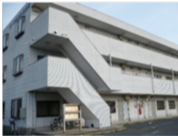
Male Dormitory (Atago Cho Parkland Sengendai)

Internet : Each room is able to connect to wireless internet access
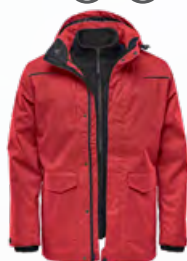
M'S & W'S: RED LINER: BLACK
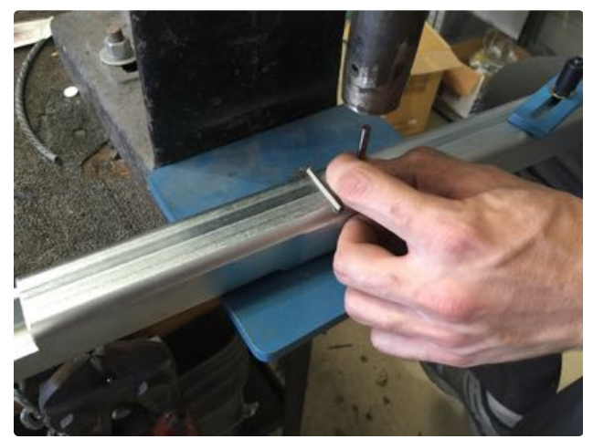
32. Press the dowel pins provided from the bottom of the bar into the .249 holes until they are flush with the top.
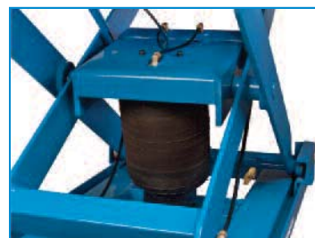
Unique Patent-Pending, Self-Contained Pneumatic System Offers Unsurpassed Performance
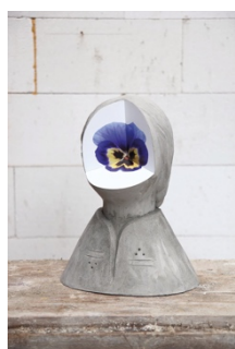
Image: Pansy (2020) by Anna Hulačová

Held on the sixth floor of Adrian Cheng's K11 Musea, Tracing the Fragments was the first exhibition Q Contemporary hosted in Hong Kong and the first comprehensive exhibition of central and eastern European art in the city. The ever-glam Law personally conducted a private tour on the opening night, explaining that the idea behind the show was to explore the similarities between contemporary central and eastern European art and contemporary Chinese art.
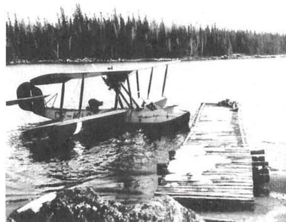
M.G.A.S. Vickers Vedette CF-MAC used on Forest Fire Patrol 1932-1937. Last Vedette to operate in Manitoba.
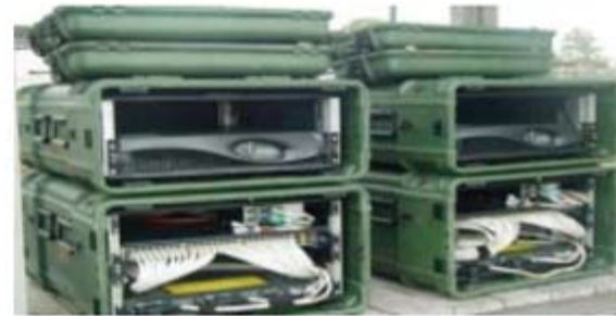
Battalion Command Post Node
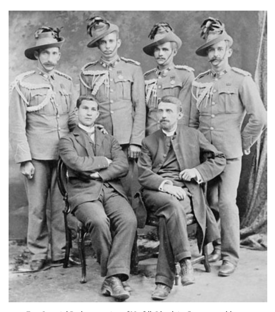
Four Imperial Bushman natives of Norfolk Island, in Commonwealth Contingent sent to London for the Coronation of King Edward VII; also one clergyman and one civilian, London NAA CP697/96/

____________________

TASK TO CARRY OUT:
The reply should hold the entries above from the line with "M'S & W'S: RED LINER: BLACK" to the line with "Battalion Command Post Node", duplicated exactly, pictures excluded.

WRITTEN SOLUTION:
M'S & W'S: RED LINER: BLACK
32. Press the dowel pins provided from the bottom of the bar into the .249 holes until they are flush with the top.
Unique Patent-Pending, Self-Contained Pneumatic System Offers Unsurpassed Performance
Image: Pansy (2020) by Anna Hulačová

Held on the sixth floor of Adrian Cheng's K11 Musea, Tracing the Fragments was the first exhibition Q Contemporary hosted in Hong Kong and the first comprehensive exhibition of central and eastern European art in the city. The ever-glam Law personally conducted a private tour on the opening night, explaining that the idea behind the show was to explore the similarities between contemporary central and eastern European art and contemporary Chinese art.
M.G.A.S. Vickers Vedette CF-MAC used on Forest Fire Patrol 1932-1937. Last Vedette to operate in Manitoba.
Battalion Command Post Node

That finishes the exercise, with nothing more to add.